I CANNOT properly call you my best friend, because I have not another left who deserves the name, such a havock have time, death, exile, and oblivion made. Perhaps you would have fewer complaints of my ill health and lowness of spirits, if they were not some excuse for my delay of writing even to you. It is perfectly right what you say of the indifference in common friends, whether we are sick or well, happy or miserable. The very maid servants in a family have the same notion: I have heard them often say, oh, I am very sick, if any body cared for it! I am vexed when my visiters come with the compliment usual here, Mr. dean I hope you are very well. My popularity that you mention is wholly confined to the common people, who are more constant than those we miscal their betters. I walk the streets, and so do my lower friends, from whom and from whom alone, I have a thousand hats and blessings upon old scores, which those we call the gentry have forgot. But I have not the love, or hardly the civility, of any one man in power or station; and I can boast that I neither visit or am acquainted with any lord temporal or spiritual in the whole kingdom; nor am able to do the least good office to the most deserving man, except what I can dispose of in my own cathedral upon a vacancy. What has sunk my spirits more than even years and sickness, is, reflecting on the most execrable corruptions that run through every branch of publick management.

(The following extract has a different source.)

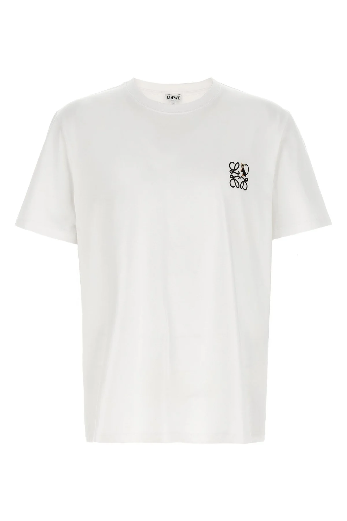 cod. H526Y22XD22100 Medium weight cotton t-shirt, front Anagram cat embroidery, crew neck, short sleeves with dropped shoulders. Color: White Size & Fit: Relaxed fit Composition: 94% cotton 5% polyester 1% elastane Made in: Portugal PROMO CODE NOT APPLICABLE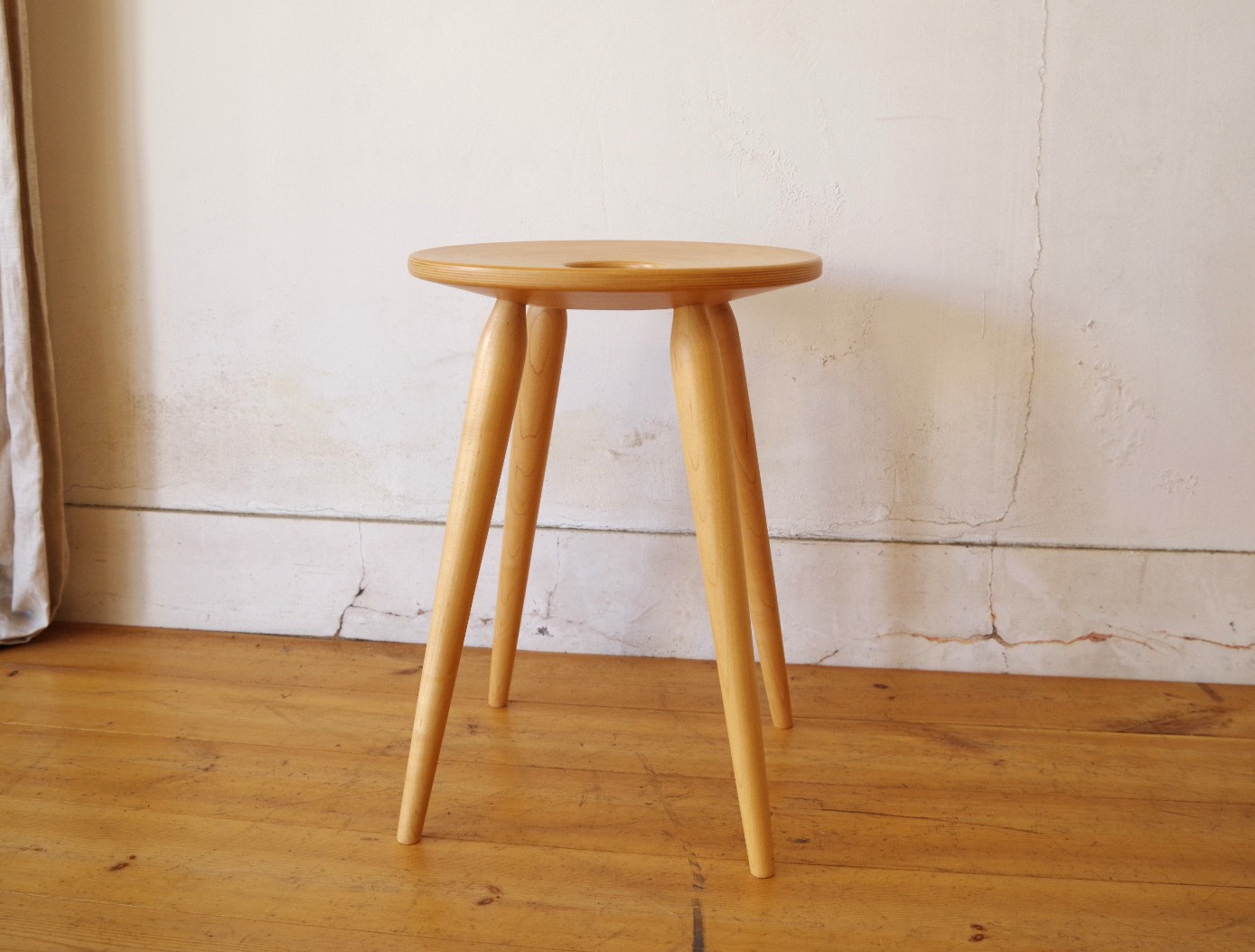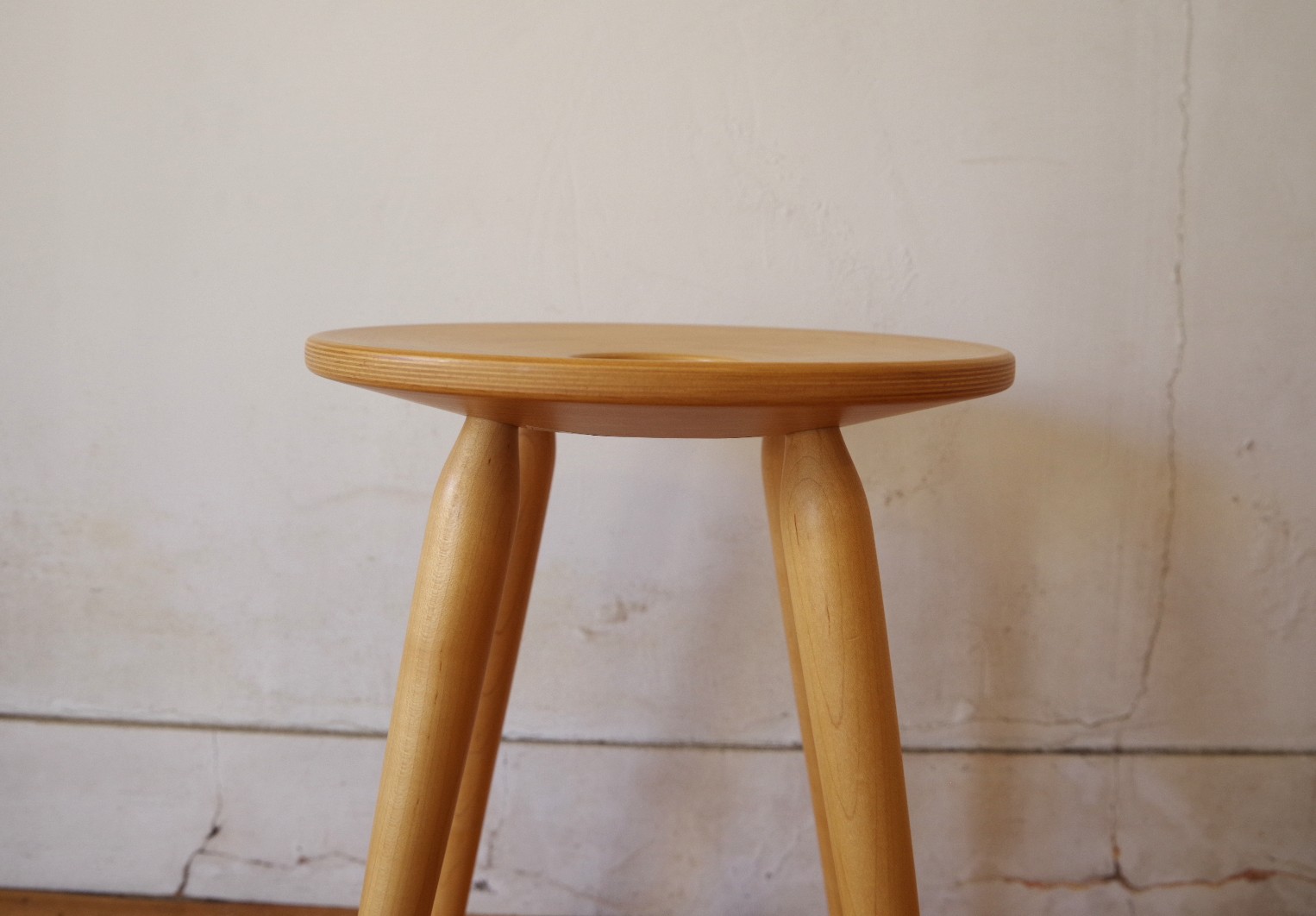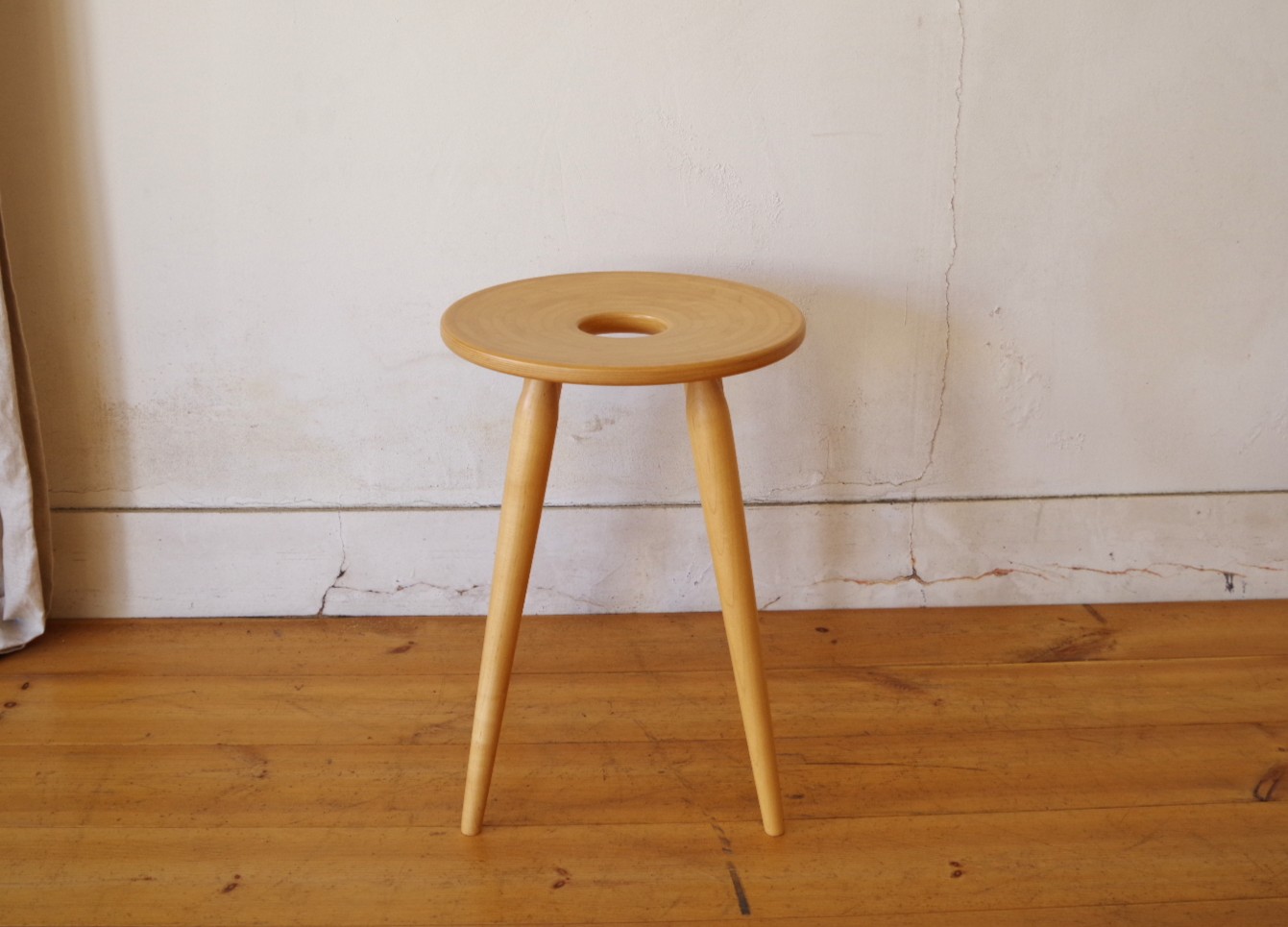 座面が丸く中央に穴が開いていて名前の通りリング状のスツールです。持ち運びもしやすく色々な場所で使えそうです。座面板に4本の脚が組み込まれているだけのシンプルな作りが美しく、その板はビーチ材の積層合板でつくられており、中央の丸穴に向けて傾斜していく作りにより積層された板が連続で模様のように表れています。

I heartily thank you for those lines translated, Singula de nobis anni[1], &c. You have put them in a strong and admirable light; but however I am so partial, as to be more delighted with those which are to do me the greatest honour I shall ever receive from posterity, and will outweigh the malignity of ten thousand enemies. I never saw them before, by which it is plain that the letter you sent me miscarried. — I do not doubt that you have choice of new acquaintance, and some of them may be deserving: for, youth is the season of virtue: corruptions grow with years, and I believe the oldest rogue in England is the greatest. You have years enough before you to watch whether these new acquaintance will keep their virtue when they leave you and go into the world; how long will their spirit of independency last against the temptations of future ministers, and future kings. As to the new lord lieutenant, I never knew any of the family; so that I shall not be able to get any job done by him for any deserving friend.


  1. The circling years on human pleasures prey,
    They steal my humour and my mirth away.